Getting Grass to the Herd

Another new addition to the farm was two new silos, one built in 2017 and one moved from another farm in 2019, to join the two which already existed on the premises. One 20 by 70 foot silo is used to store sorghum-Sudangrass and Sudangrass forages, which they have planted extensively for the past ten years. While about a third of the 150- 225 acres planted to these grasses each season is grazed, the rest is used to fill the silo, and for baleage.

The milking herd does not receive any total mix ration, but are fed 10 - 25 percent Sudangrass silage, and 25 - 50 percent early first cut silage, with the remainder of their fed ration coming from later cuttings. About 80 percent of the feed is chopped silage, while the rest is fed in dry rounds or baleage. The mix of different fed forages balances out the diet.

Sorghum and Sudangrass yield as well as other annuals, and make very good forages if harvested at the appropriate time, according to Adam. They use these crops as a feed ingredient in the same manner a conventional dairy utilizes corn. After two years of the annuals, the pastures are reseeded to perennials.

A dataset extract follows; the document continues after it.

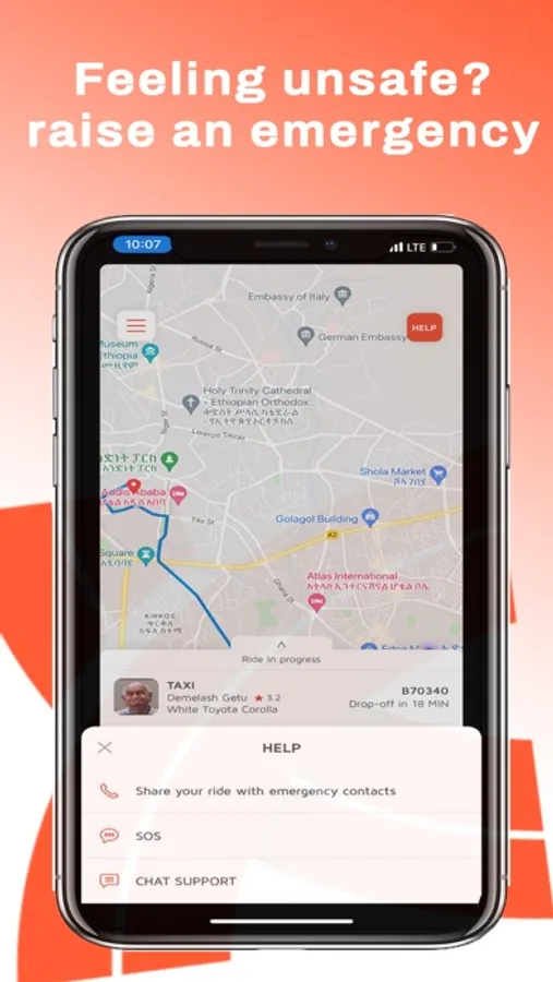 You can call your local authorities directly from the app, and your location and trip details will be displayed so you can quickly share them with emergency services/ contacts.

“Early first cutting and Sudangrass tend to be higher energy and third and fourth cutting have a bit more protein,” Adam said. “We like to always offer some sort of long forage or dry hay as we feel the cows like this and it helps balance out the rumen. Feeding a mix of each keeps cows from losing weight and keeps them milking well.”

The milking herd generally begins grazing in late April, with no-till winter rye in the Sudangrass fields giving a jump to the season. This year, they began to graze on April 25th. At first, the cows get about 50 percent of their diet from grazing the winter rye, with another 40 percent coming from Sudangrass silage and the remainder from last June’s first cut hay. The DMI from grazing increases to 90 percent by the time the cows are on pasture 24/7.

Sudangrass is grazed beginning in early to mid-July, to take the pressure off of the perennial pastures. If it is dry, the cows will move indoors during the day to reduce grazing pressure on the pastures. During the mid-summer heat, the milking herd will get between 50 and 90 percent DMI from grazing, depending on how hot and dry it gets. When moisture allows, the herd will begin heavy grazing again in mid-September.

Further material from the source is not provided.